Все было лаконично, точно, без прикрас, которыми так грешат «игровухи». Помню, у меня были и особые основания радоваться Бориному успеху: десять лет назад я его предсказал: «...Что касается проблемы «игровое-неигровое», то здесь трудно быть пророком. Мне лично кажется, что любовь к своему герою, умение открыть тонкости характера персонажа — все это сулит Галантеру успех в работе с актерами — традиционном камне преткновения для документалиста.
Но тем ли важен род фильма, если художник обладает собственным миром? Я не знаю, каким станет этот фильм, но хорошо знаю, какие качества таланта и личности откроются в нем». Сказано было красиво, но я и не предполагал, что Борис для начала изберет особый «документальный» стиль поведения актера. Потом, в работе над чеховскими водевилями он откажется от этой манеры и продемонстрирует умение руководить артистическим ансамблем в так сказать, классической манере. Другое дело – стал ли «чеховский» фильм принципиально новым и для автора, и для контекста современного отечественного кинопроцесса. Мне думается, путь был интереснее результата. Фильм о Пушкине, например, почти не отходил от найденной ранее в «Бетховене» стилистики. Этим он был и хорош, но может быть и несовершенен. На сей раз режиссер больше заботился о гриме, внешнем сходстве персонажей с прототипами. Зато скромнее экспериментировал со сценографией и костюмами, стремился быть ближе к эпохе.
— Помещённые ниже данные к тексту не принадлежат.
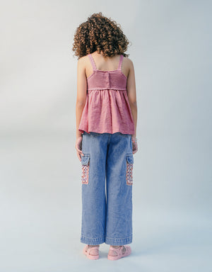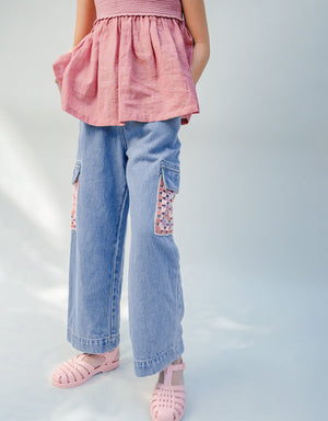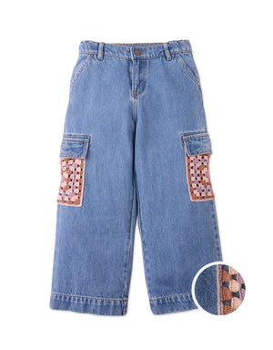 Crafted for both adventure and style, these denim cargo pants showcase multicoloured patterned crochet pockets for a look as unique as your little one.

И все же качественных принципиальных изменений не произошло. Но, тем не менее, по-прежнему многое было остроумно придумано, корректно исполнено. Однако, видимо, документальность стесняла Галантера, связывала руки, он хотел полной власти над пространством и временем, которые создавал. Тут был риск. Но Борис всегда был рисковым малым... Помню, как после фильма о клоунах между нами исчезло (слава Богу, на надолго!) взаимопонимание. Мне показалась избыточной стилистика, пластика фильма. Сама по себе полунинская «бригада» не сдерживала себя в средствах выразительности. Кинематографическое решение работало не в контраст, а в унисон, масло получалось масляное и этим своим суждением я оказался в меньшинстве среди друзей Бориса. Неприятно было, что и говорить... Но позиция моя имела свои корни. Я всегда считал, что, Борис настолько индивидуально-художнически ощущает окружающий мир в такой мере поэтически преобразует его — все это спонтанно, интуитивно — что дополнительно деформировать этот мир как бы «от ума», предварительно — уже будет перебор. И самом деле, сколько художественности художнику надо? Когда заказчики фильма — люди с Первоуральского новотрубного — посмотрели впервые «20 дней жаркого лета», они долго растерянно молчали: «Мы не ждали художественного фильма». Таков был, что называется «Глас народа». А вот и тогдашний глас критики. В спорах о документальном кинематографе немало баталий вокруг понятия его «художественности». К тому же режиссеры-документалисты все чаще стремятся в игровое кино. Может быть, им тесно в рамках достоверности? Или их подстегивает тяга к самовыражению, якобы не возможному на неигровом экране? Что бы там не говорилось — в этом проглядывает некоторая суетность, неспособность остаться в тени своих персонажей, своего прочтения темы, появление личности и тщета проявить ее — не одно и то же. В картинах Б. Галантера авторское начало ощутимо с первых же кадров, однако, режиссер не теснит своих героев, не выступает на первый план.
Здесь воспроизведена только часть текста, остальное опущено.